I have escalated them to our legal department. Their response is contained below.


The preprocessing of images for the protection of minors is outside the scope of GDPR. Personal Data in the sense of GDPR is data relating to an identified or identifiable data subject. For the automatic recognition of objectionable content we do not transfer any identifying elements to the service providers. We take the uploaded images, scale and convert them and upload this modified copy to the service providers. We then receive back a confidence score of whether the image contains objectionable content (in particular nudity). We do not provide them with any information about the source of the image that would make the uploader identifiable.

In the hypothetical case that an image contained an identifying element, e.g. a name burned into the image file, this use might constitute a processing of personal data; however, in this case it would be covered by sections 2.a), 2.b) and 3.9 of our Privacy Policy. We disagree with the user’s assessment that the fact that adult content can be purchased on Steam means that we can have any sort of hardcore and/or child pornography displayed on our web pages. The sheer volume of images that are being uploaded to Steam means we need to use technical measures to protect our users and comply with applicable laws.

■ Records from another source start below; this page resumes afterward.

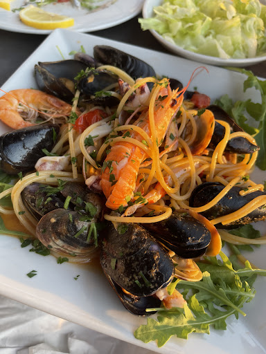 Nice restaurant with a modern feel, looks like they've had a makeover if you look on Google Maps. Everything is neutral colours and fresh. Nice seating area outside directly overlooking the beach. Several regulars in, always a good sign. We had a mountain of food including bruschetta, a pasta course plus a second meat course. Too much really! Everything was freshly made and tasted great. We also managed to find a sweet wine that my wife enjoyed, which we have not found anywhere else. Total bill was €45 which was bonkers...
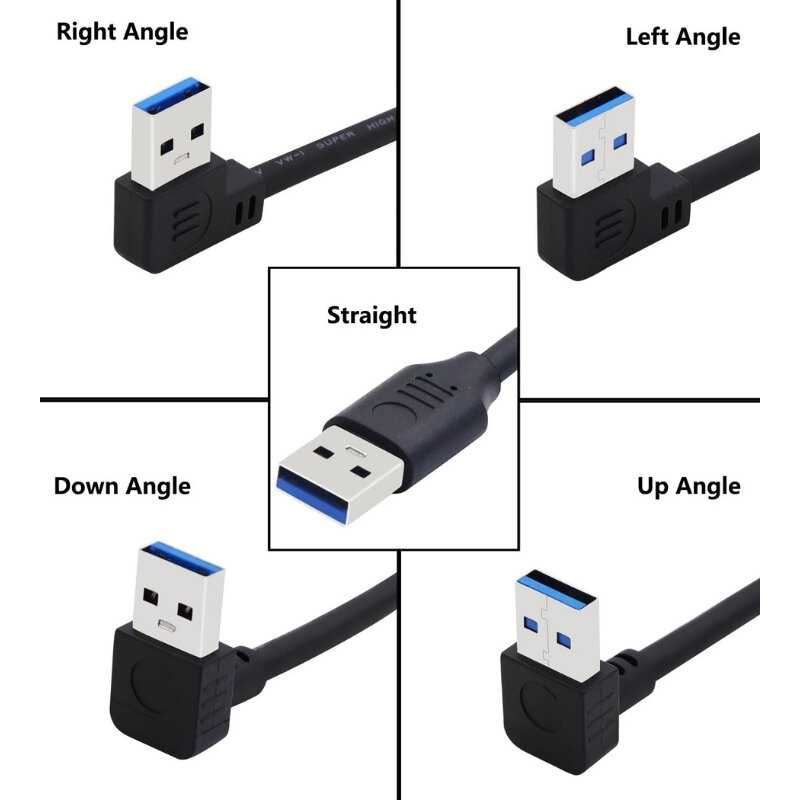 USB 3.0 Erkek-Erkek Aşağı Açılı Data ve Şarj Kablosu - 50cm, iki ucu USB-A erkek olan ve bir ucu aşağı açılı tasarıma sahip yüksek performanslı bağlantı kablosudur. Dar alanlarda kolay montaj sağlayan açılı yapısı sayesinde, anakart bağlantıları, USB hub’lar, endüstriyel sistemler ve özel kasa içi uygulamalar için ideal bir çözümdür.
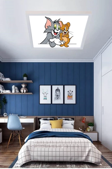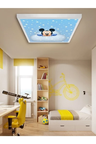 Gökyüzü Panel Disney Çocuk Odası Led Avize-60x60 Baskılı Led Avize- Beyaz Çerçeve-led Işık-54w Homojen Dağılım
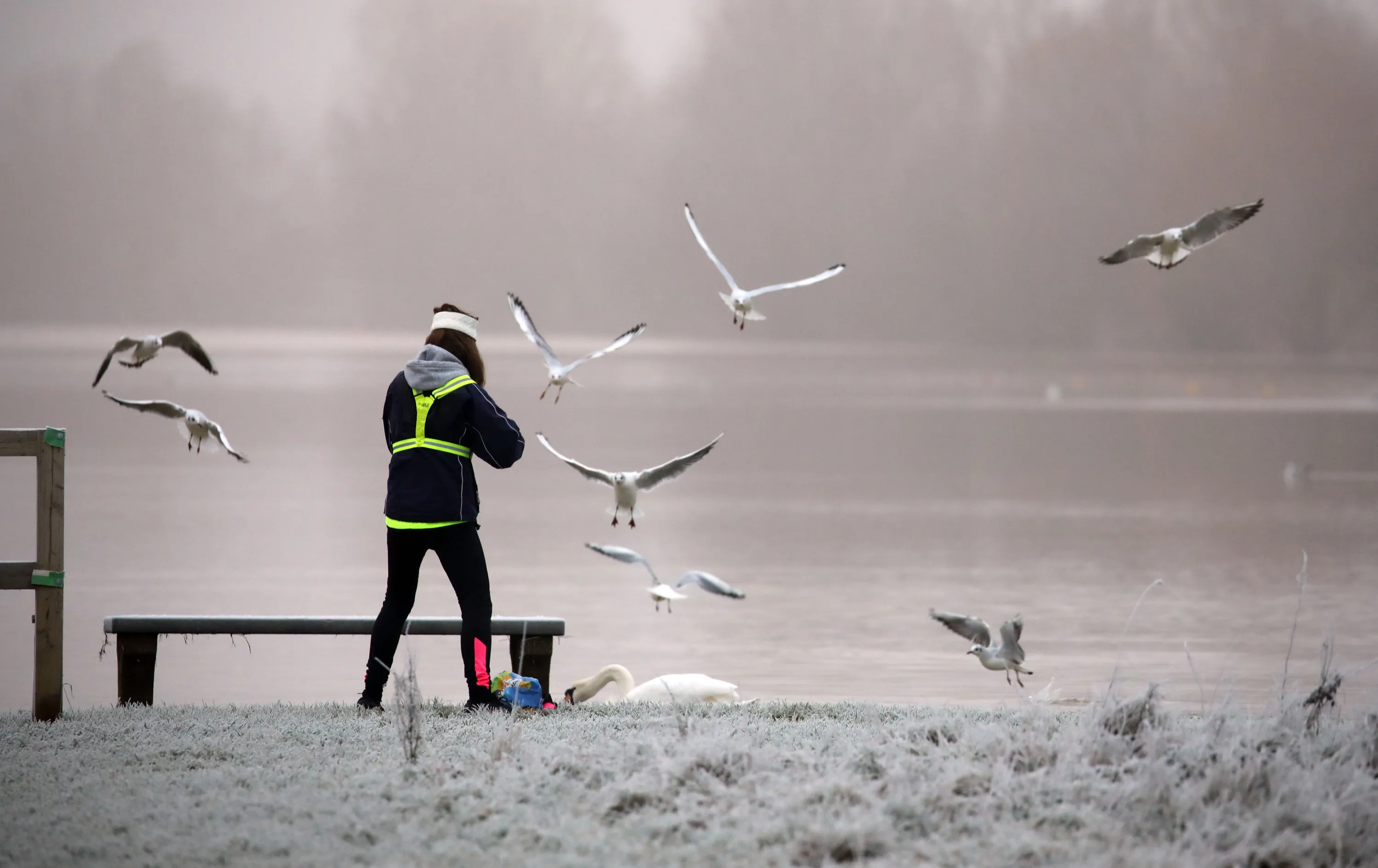 A lady tries to feed a swan but seagulls invade the scene on a frosty start to the day at Nene Park in Peterborough, Cambridgeshire, United Kingdom on December 31, 2020. (Photo by Paul Marriott/Rex Features/Shutterstock)
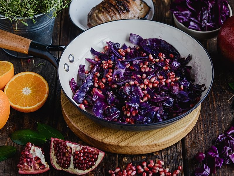 Kapustę drobno szatkujemy. Na dobrze rozgrzanej patelni z olejem podsmażamy posiekaną cebulę. Dokładamy kapustę i dusimy na średnim ogniu ok. 10 min, a następnie doprawiamy solą, pieprzem i wlewamy ok 200 ml wody. Dusimy na małym ogniu jeszcze ok. 30 min. Gdy kapusta zmięknie, doprawiamy ją octem balsamicznym, cukrem oraz sokiem z pomarańczy. Danie posypujemy pestkami granatu.

Insofar as the user voiced concerns that the uploaded data can be used to train AI for military purposes we disagree as well. As we do not send the neural network information on what we believe is in the image, this is not data useful for training image recognition algorithms. Google already has access to an unlimited number of images on the web that have the advantage of coming pre-tagged for training purposes as they are accompanied by descriptor texts. Our data is not useful for this.

Steam Support

Originally posted by Privacy Policy:

1. Definitions
…
Valve may share anonymous data, aggregated or not, with third parties.

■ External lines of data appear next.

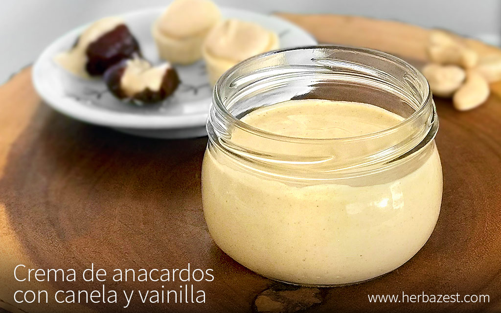 Esta crema de anacardos con canela y vainilla queda estupenda con rodajas de plátano, dátiles Medjool y panqueques caseros, como panqueques de lupín con almendras y arándanos, panqueques de amaranto y zanahoria, o panqueques de lúcuma.
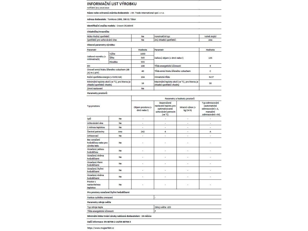 • spotřeba den/rok 0,285 kWh / 104 kWh
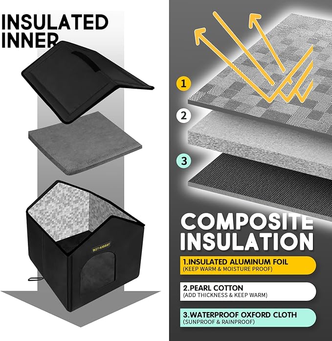 Rest-Eazzzy Cat House for Outdoor Cats, Weatherproof and Insulated Feral Cat House with Mat and Clip, Easy to Put Together, Selfwarming Cat Shelter for Winter, Never Blow Away (Black, House X 2)
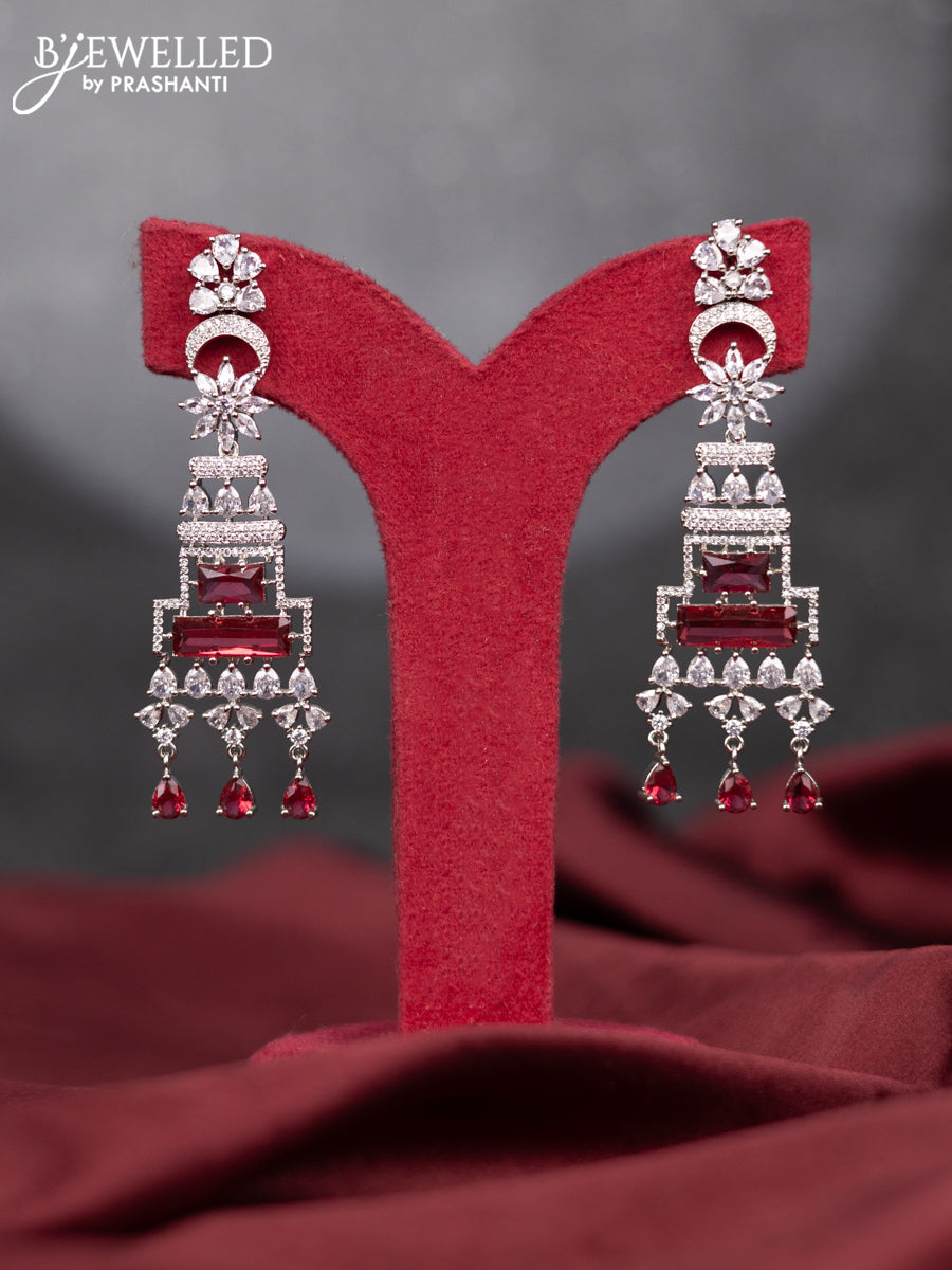 Zircon earring with ruby & cz stones and hangings
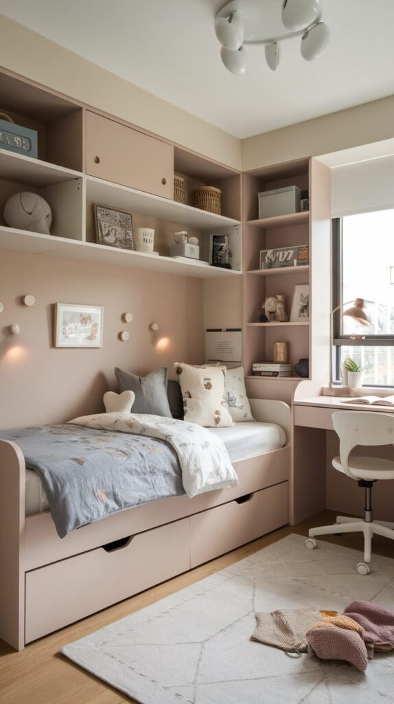 Multi-functional furniture works best in smaller spaces. Beds with built-in drawers, storage benches, and wall-mounted shelves help maximize every inch. Choosing light-colored furniture also makes the room feel bigger and brighter.
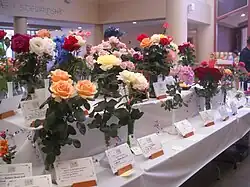 The American Rose Society sets guidelines and standards for rose shows in the US (and for Canadian rose societies affiliated with the ARS) and is the International Cultivar Registration Authority for Roses by appointment of the International Society for Horticultural Science.[9][4] The Rose Society UK sets the guidelines and standards and organises rose shows in the UK. Many Canadian and Australian rose societies were affiliated with the RNRS in addition to their own national societies. Rose shows using ARS guidelines use cultivar classifications assigned by the ARS, for instance Hybrid Tea or Gallica.[10] The ARS also assigns one of 18 official color classes to cultivars, for instance Light Yellow, Medium Yellow, Deep Yellow, and Yellow Blend. There is no color class for blue. Rose shows are hosted by local societies and may be organized as a local show, an ARS District show, or an ARS National show. Local shows generally require no registration or entry fees, while District and National shows do. All three levels of rose show generally offer three divisions: Challenge Classes, Horticulture, and Arrangements. Other divisions may be offered, for instance Rose Photography or Rose Crafts. Rose-themed Quilts have been included at rose shows. The Challenge Classes available vary between the local, District, and National levels.
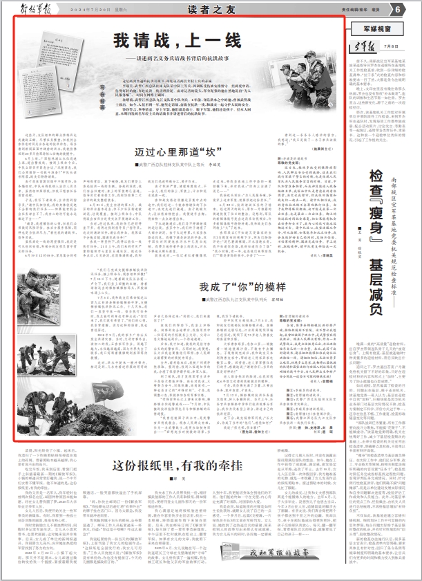 铮铮誓言,拳拳情意。穿上军装,他们就是战士。脱下军装,他们还是孩子。经本人同意,本期刊发两名年轻士兵的请战书并讲述背后的抗洪故事。
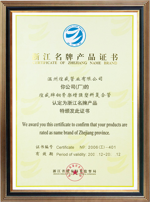 當前位置:集團首頁 - 關于煌盛 - 浙江名牌產品證書

• The nudity content on Steam will still exist, it is only blurred out. Every child which disable the community content settings will see the real image.
  
  
• Games with gore, violence and sexual content can be bought by everyone on the Steam Store. This games generates the explicit content, that Valve tries to blur out.
  
  
• Content uploaded to the community is often labeled incorrectly. (See example image)
  
  
• Valve did not announced this feature and edited their Privacy Policy after the release.
  
  
• With their response, Valve declared that all content generated by an user is in the most cases “anonymous data” which can be transferred, shared and analyzed by third parties providing a service which Valve uses.
  
  
• The internet has enough free images and also there are special training databases for machine learning. With active use of the image recognition service, Valve supports and pays the most rich companies in the world, instead of using an alternative or programming their own one.
  
  
• The content you upload is also saved for a specific time on third party server.
  Google Cloud Vision Data Usage[cloud.google.com]
  Amazon Rekognition Data Privacy[aws.amazon.com]
  
  
• If the 16 million active users upload only 1 screenshot in a month, then over 192 million images will be scanned in a year only to label a small amount of targeted content.
  If you check out the Google[cloud.google.com] and Amazon[aws.amazon.com] pricing list, then Valve would pay in one month for G. circa 14.100$ and for A. 11.800$.
  This are 310.800$ per year.
  
  
• The missing transparency behind the process, makes it hard to prove what is really shared with third parties and if an identification is not possible.
  If you upload a screenshot to Steam, it will be already saved on Microsoft and Google storage “steamcloud-ugc.storage.googleapis.com”. The new thing is, that Google is now officially allowed to run their AI over a “modified version” of the images.